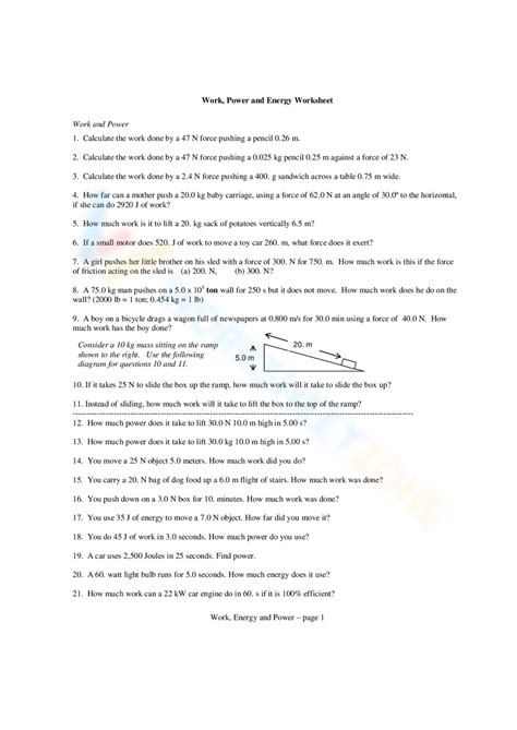 They can control the angle of the ramp,. Power = work / time (in watts) is done. Write out the equation for weight and substitute it into the work equation. What is the difference between kinetic and potential energy? Up to 24% cash back (a) how much work is done in 25 s?
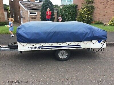 Conway Conquest Trailer Tent . Condition is Used. Collection in person only.In good condition, slight tears as shown in pics but no leaks or damp.Comes with ground sheets,table, curtains,water butts,step,jack wheel and pegs and mallet.Slept a family of 5 comfortably.Oven in good working order, cover on oven needs the hinge tightening up and oiling but easy job.Good to tow and wheels all in good condition.
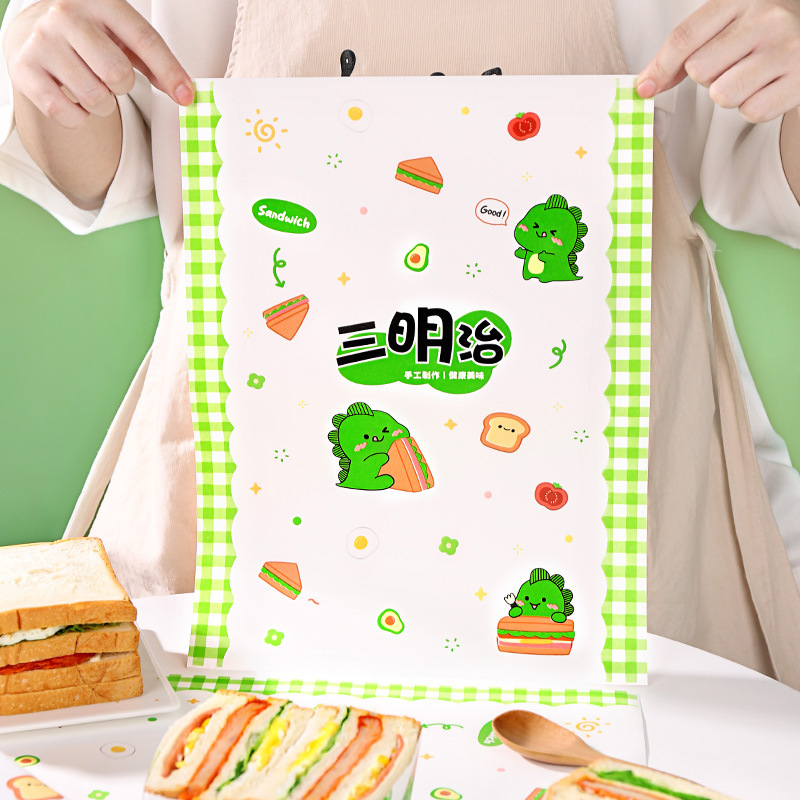小恐竜サンドイッチ包装紙食品級牛皮出店業務用ハンバーグおにぎりプラスチックサンドイッチ防霧袋
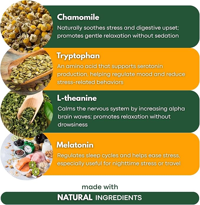 - [Hooman-Grade Ingredients]: Each strip is made with chamomile, L-tryptophan, melatonin, and L-theanine—ingredients carefully chosen for their calming properties. Unlike some chews, ZenMelts are non-drowsy, so your pup can stay calm without feeling sleepy.
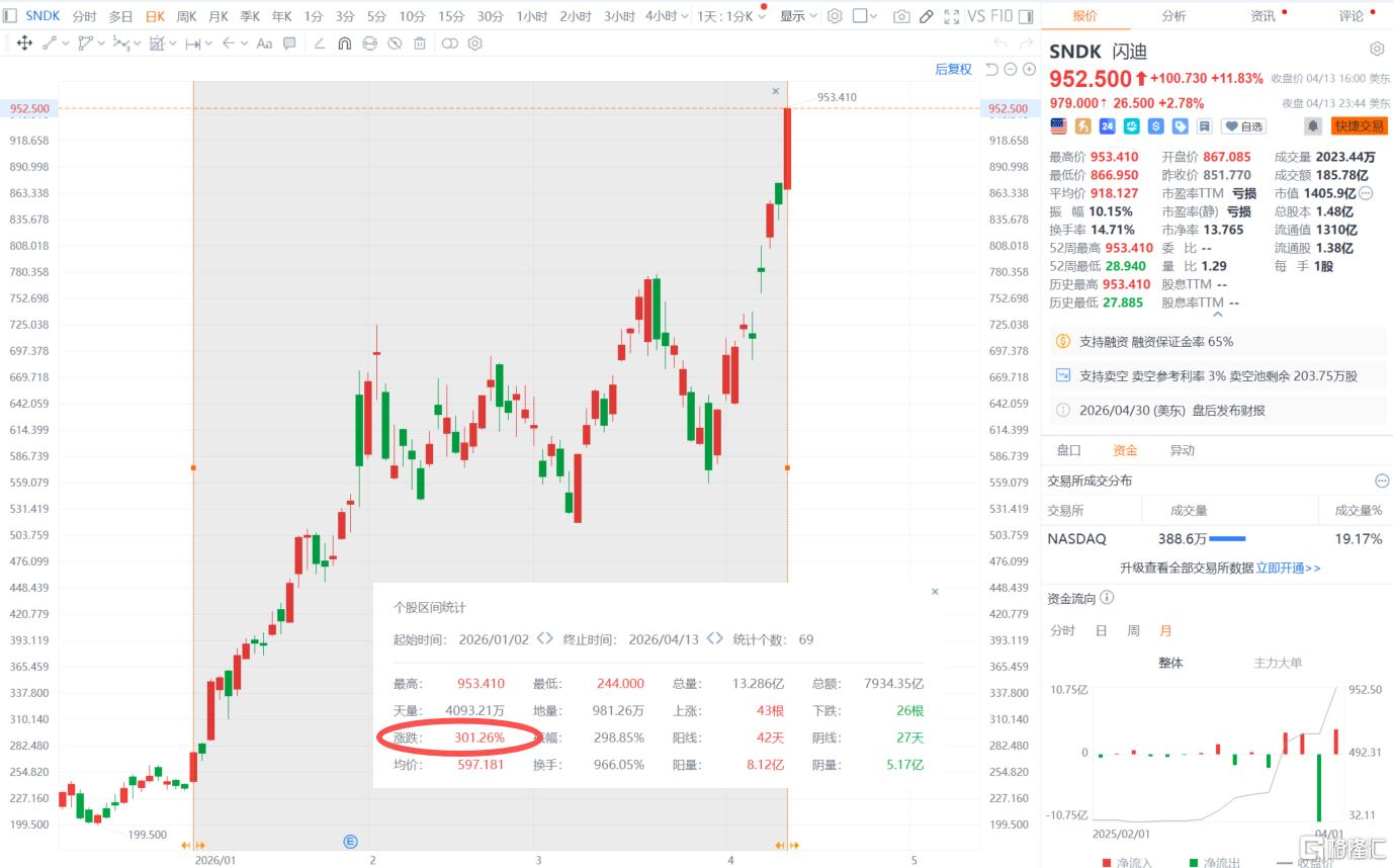 随着AI需求与日俱增下,闪迪年内股价已累计上涨逾300%,过去12个月涨幅高达约2879%,成为市场表现最为突出的个股之一。
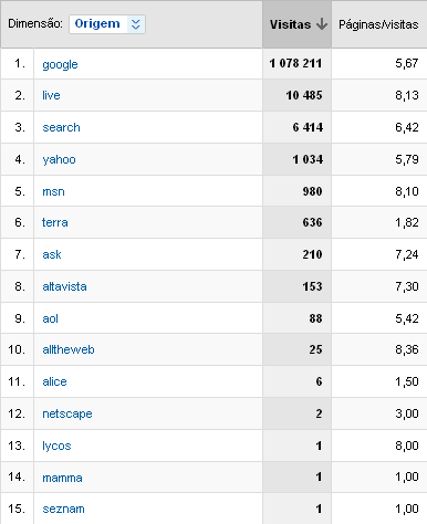 Foram localizadas 15 origens dos visitantes que chegaram ao site através de Motores de Pesquisa:
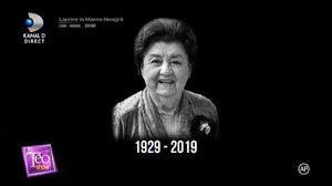 Omagiu emoționant pentru Tamara Buciuceanu, astăzi, la Teo Show.
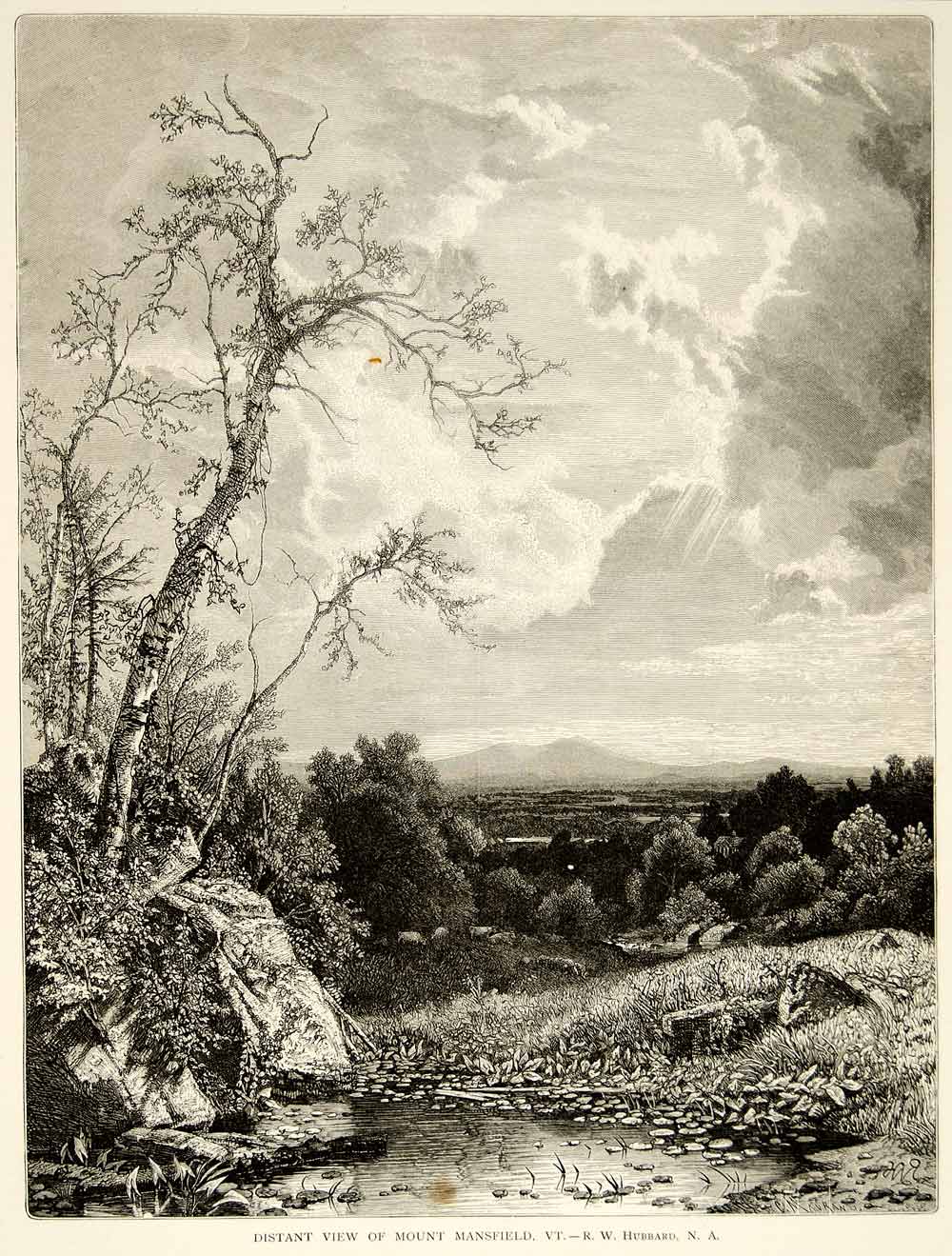 This is an original 1873 black and white in-text wood engraving of a painting by Richard William Hubbard (1816-1888) that depicted the scenic landscape of Mount Mansfield in Vermont, USA.

What the task requires>
The answer must be the full listing, exact in every line, with the pictures removed.

Answer to this exercise>
 They can control the angle of the ramp,. Power = work / time (in watts) is done. Write out the equation for weight and substitute it into the work equation. What is the difference between kinetic and potential energy? Up to 24% cash back (a) how much work is done in 25 s?
 Conway Conquest Trailer Tent . Condition is Used. Collection in person only.In good condition, slight tears as shown in pics but no leaks or damp.Comes with ground sheets,table, curtains,water butts,step,jack wheel and pegs and mallet.Slept a family of 5 comfortably.Oven in good working order, cover on oven needs the hinge tightening up and oiling but easy job.Good to tow and wheels all in good condition.
小恐竜サンドイッチ包装紙食品級牛皮出店業務用ハンバーグおにぎりプラスチックサンドイッチ防霧袋
 - [Hooman-Grade Ingredients]: Each strip is made with chamomile, L-tryptophan, melatonin, and L-theanine—ingredients carefully chosen for their calming properties. Unlike some chews, ZenMelts are non-drowsy, so your pup can stay calm without feeling sleepy.
 随着AI需求与日俱增下,闪迪年内股价已累计上涨逾300%,过去12个月涨幅高达约2879%,成为市场表现最为突出的个股之一。
 Foram localizadas 15 origens dos visitantes que chegaram ao site através de Motores de Pesquisa:
 Omagiu emoționant pentru Tamara Buciuceanu, astăzi, la Teo Show.
 This is an original 1873 black and white in-text wood engraving of a painting by Richard William Hubbard (1816-1888) that depicted the scenic landscape of Mount Mansfield in Vermont, USA.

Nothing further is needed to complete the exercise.